The Rosenbergs stoically maintained their innocence throughout the length of the trial and appeals. They were executed by the electric chair on June 19, 1953. Up to this day nobody really knows If indeed they were innocent but what we do know is that the case was riddled with prosecutorial and judicial misconduct and that Ethel Rosenberg was convicted on the most flimsy of evidence to place leverage on her husband; and neither deserved the death penalty.
It is against this background that Arthur Miller revisited the Salem Witch Trials and delivered to the world a classic allegory in which Julius and Ethel Rosenberg are represented by the character of John Proctor and Elizabeth Proctor. They too, in the end, go their deaths as innocent victims of a public hysteria in which many men and women were sent to the gallows for the alleged and ipso facto crime of being witches. What makes this shameful period off atrocity even more shocking is that these brutal and unfounded punishments for an invisible crime all stemmed from the allegations of a handful of teenage girls.
On the other side of the world and hundreds of years later, in our own beloved country, in the Eastern Cape and the Limpopo province , an epidemic of witchcraft accusations have prevailed since the demise of Apartheid. This has led to mock trials (kangaroo courts) and has seen refugees feeling for their lives – destroying not only families but also crippling society in general.
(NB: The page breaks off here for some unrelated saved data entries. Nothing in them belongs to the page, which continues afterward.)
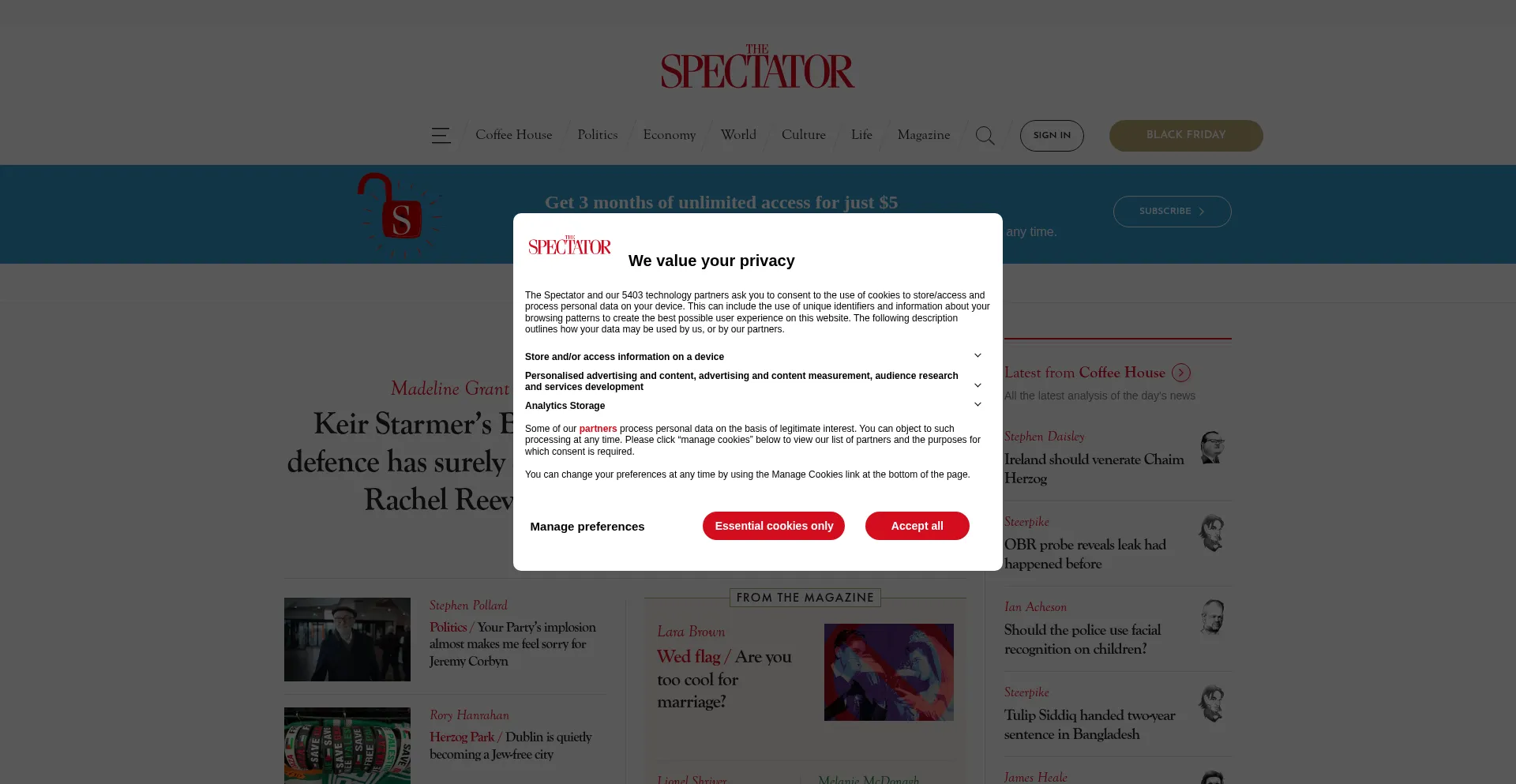 spectator.co.uk 使用 Google Tag Manager 在其网站上添加和更新追踪代码(标签)。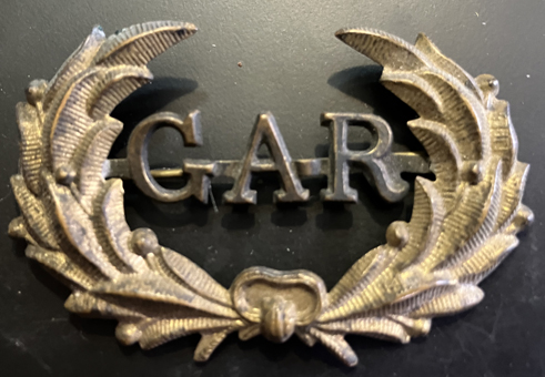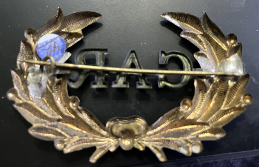Gilt wreath with letters "GAR" in center on cross pice. Pin backed with "C" closure. Approximately 2-1/2" x1-3/4" overall. This one has been "smooshed" a bit. Have an additional one that has separation between the letters A & R. | SALE $90.00 | |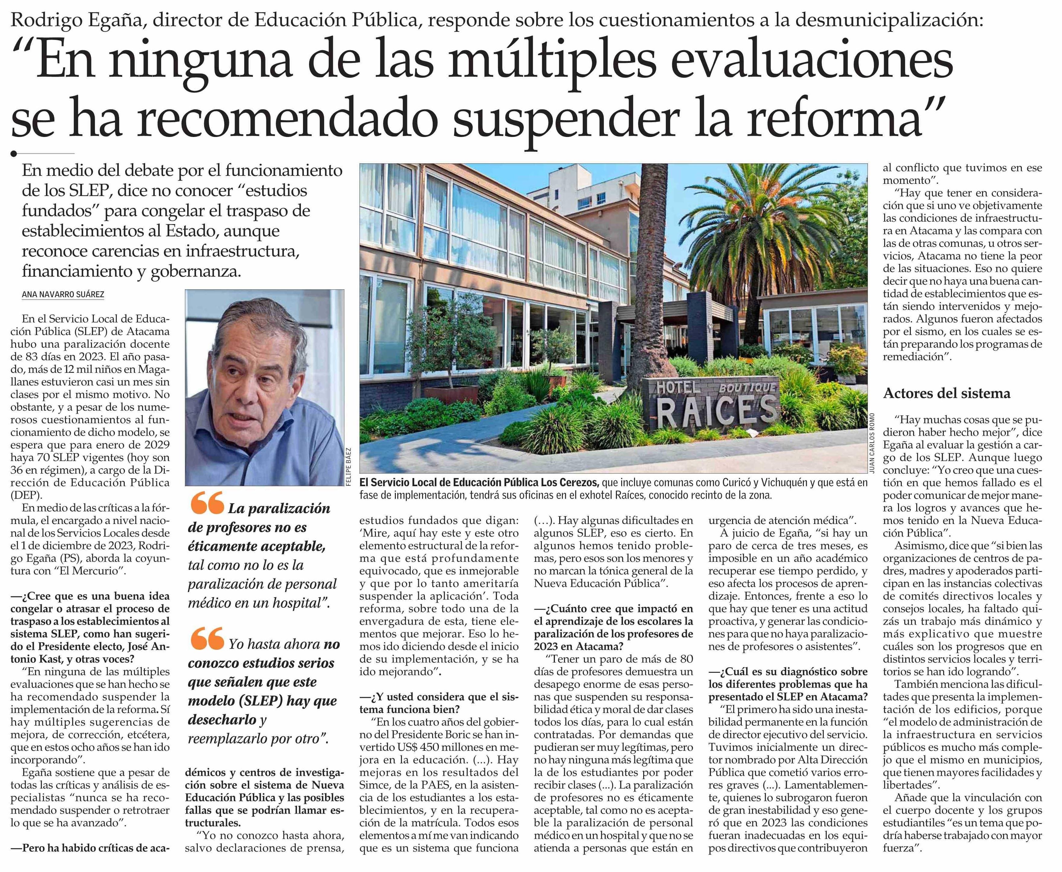 “En ninguna de las múltiples evaluaciones se ha recomendado suspender la reforma” 26-01-2026 El Mercurio |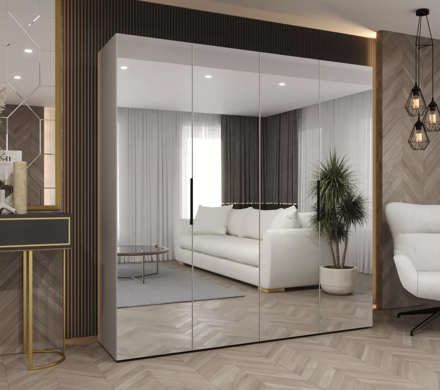 Zrcadlová šatní skříň 200 cm RABIA opticky zvětší a projasní interiér. Vnitřní prostor tvoří 2 police a šatní tyče.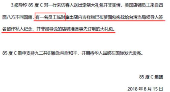 其次,有大陸網(wǎng)友還發(fā)現(xiàn)“85度C”的聲明中有將一切責任推給“臨時工”的嫌疑,并回避了導致這場風波的“源頭”恰恰是跑到美國為臺獨“造勢”的蔡英文。
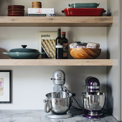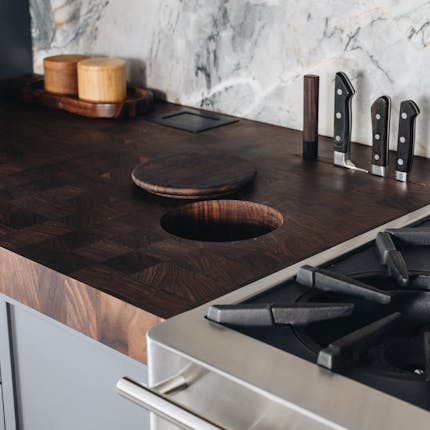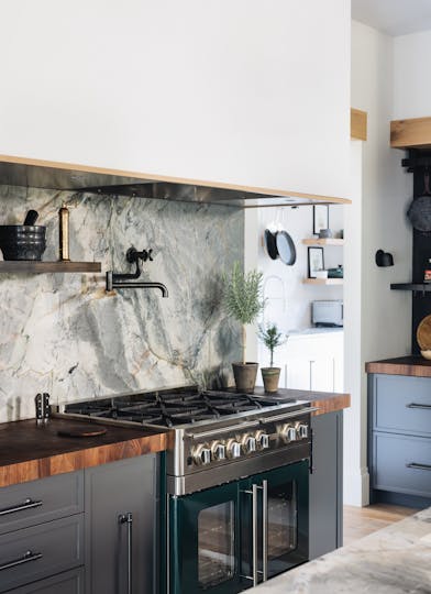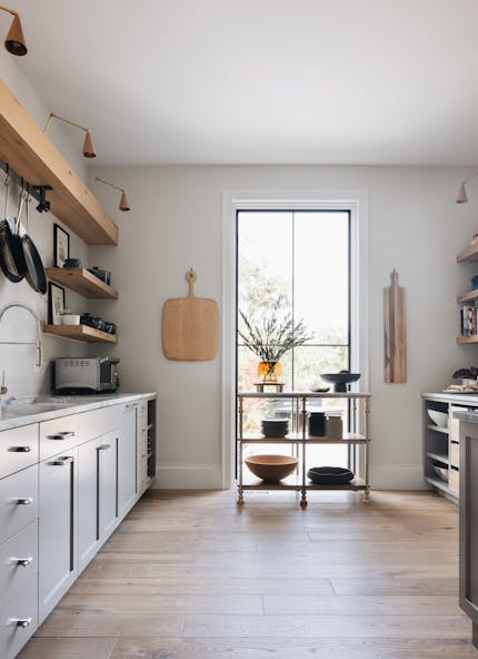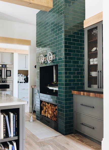Their design inspiration included Scottish golf courses, Blackberry Farm, and traditional open-hearth cooking. Here, the kitchen is the heart of the home, and its workhorse, outfitted with a wood-burning oven, dining room slash cocktail bar, and a prep kitchen.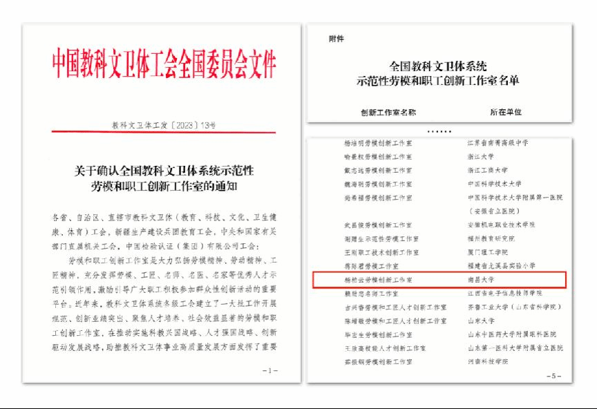 近日,中国教育工会南昌大学委员会发出喜报,经过推荐、审核、公示等程序,中国教科文卫体工会选树了一批全国教科文卫体系统示范性劳模和职工创新工作室,我院杨柏云劳模创新工作室成功入选。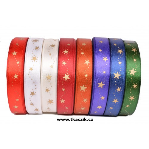 Stuha atlasová oboulící šíře 15mm tisk hvězdy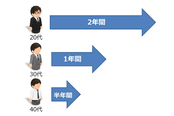 ⇒20代であれば2年間、30代であれば1年間、40代であれば最長で半年間というイメージ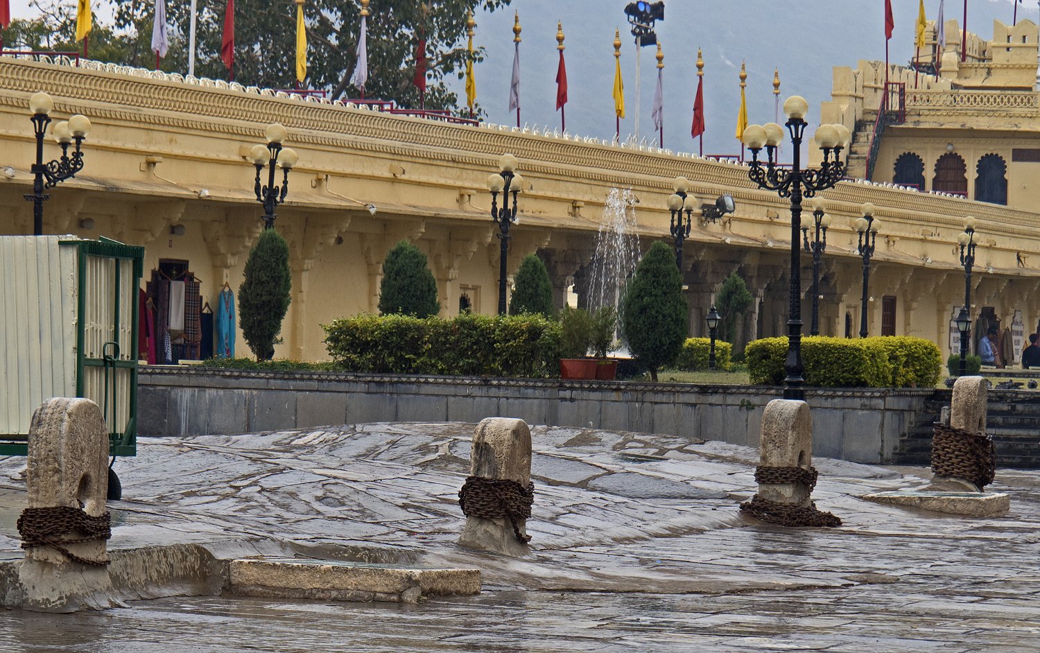 7Dans la cour d'entrée (Manesh Chowk), bosses de repos des éléphants Les éléphants étaient attachés par une patte aux piliers et pouvaient se coucher en se calant sur les bosses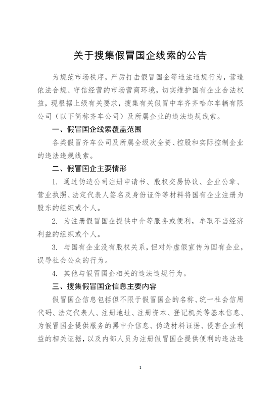 "午夜黄视频" 关于搜集假冒国企线索的公告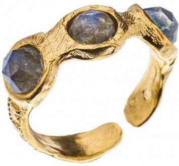 PIERŚCIONEK MOTYLE Botanica MGL5617 MGL5617 Pierścionek srebrny – złocony, próby 925, wykonany ręcznieWykończenie srebra: “królewskie złoto 24K”Kamienie naturalne: labradorytRegulacja szyny: do 1,5 rozmiaruDostępne rozmiary: 9 – 21 (MOŻLIWOŚĆ REGULACJI) Pierścionek posiada gwarancję marki Motyle w postaci srebrnego logo. MGL5617 Świat roślin to inspirujące, odwieczne źródło tworzenia. Obserwacja tego procesu natchnęła projektantkę do stworzenia kolekcji biżuterii Botanica, której motywem przewodnim jest kolor. Pobudza on nasze zmysły a jego odbiór zaciera granicę między efektem wizualnym a zapachowym. Intensywność koloru instynktownie pobudza nas do chłonięcia zapachów tak, jak kiedy patrzymy na kolorowy kwiat czy owoc.Srebrny pierścionek wykonany został ręcznie z największą dbałością o każdy szczegół w naszej pracowni biżuterii Motyle. Wygodna, regulowana obrączka tworzy jedność z wkomponowanymi naturalnymi kamieniami. Trzy okrągłe, kolorowe kamienie oprawione w organiczną oprawę tworzą kobiecą, energetyczną kompozycję. Artystyczny pierścionek idealnie komponuje się z subtelnymi kolczykami na sztyft z tej samej kolekcji.Odcienie naturalnych kamieni to indywidualne kompozycje. Każdy egzemplarz może delikatnie różnić się od tego który przedstawiony jest na zdjęciu. MGL5617

I am only mentioning Alby Michael's, the director of the – if otherwise, I will have to list dozens of names on whom praise needs to be bestowed. Michael’s conceptualization of the play, having the same actors play different characters using masks as in the classic Greek theatre, is to say the least, breathtaking. The production and lighting design by Kosie House of Theatre are breathtakingly simple an dramatic. Just to mention one of the many moments of genius: The prison bars in the last act becomes glockenspiel, evoking the sounds of church bells – and cleverly one is never quite sure for whom the bells are tolling - for the accusers or the accused?
Music for the production was specially composed and arranged by Dawid Boverhoff – and, the genius of the direction, design and lighting also runs through every bit of the magnificent sound that is created in tandem with the drama. The director/ composer also uses the device of a fiddler on the stage – the fiddler playing little melody lines around the characters as the play evolves, bringing to mind memories of The Devil Went Down to Georgia, The Devil's Fiddler and A Fiddler's Tale among many similar works.
I can continue heaping praise on this tour de force of an entire company but, I need not. It will speak for itself, for in this production the devil is to be found in the exquisite detail and a mighty fine reading of Arthur Miller!